→ PROVIDED DATA:

++++++++

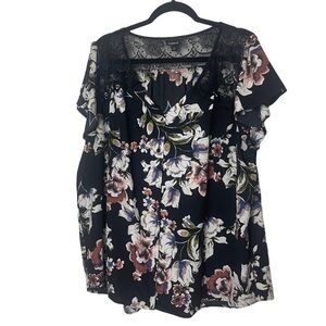 Torrid Black Floral Button Up Short Sleeve Blouse Size 1X
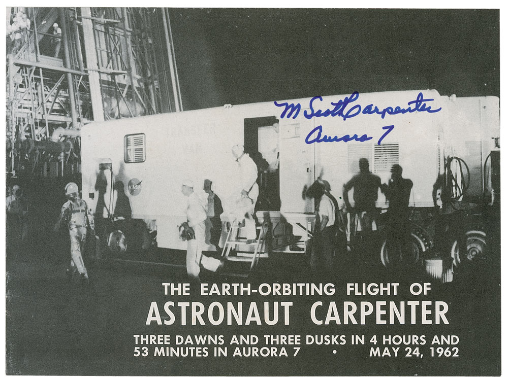 Mission booklet entitled “The Earth-Orbiting Flight of Astronaut Carpenter,” 10.25 x 7.5, signed on the front cover in blue felt tip, “M. Scott Carpenter, Aurora 7.” In fine condition.
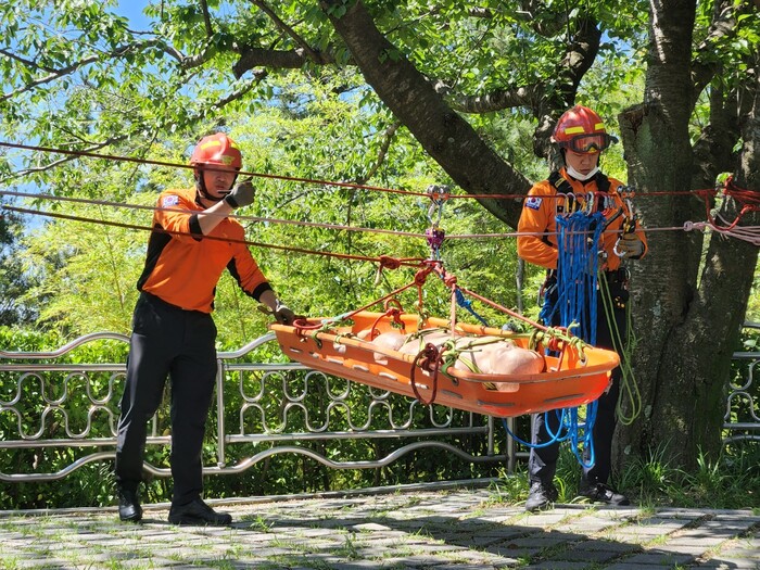 ▲고립된 구조대상자 수평 구조 훈련 모습. 남부소방서 제공 |

++++++++

→ WORK ITEM:
Give back the whole listing as it stands, minus its pictures.

→ EXPECTED ANSWER:
 Torrid Black Floral Button Up Short Sleeve Blouse Size 1X
 Mission booklet entitled “The Earth-Orbiting Flight of Astronaut Carpenter,” 10.25 x 7.5, signed on the front cover in blue felt tip, “M. Scott Carpenter, Aurora 7.” In fine condition.
 ▲고립된 구조대상자 수평 구조 훈련 모습. 남부소방서 제공 |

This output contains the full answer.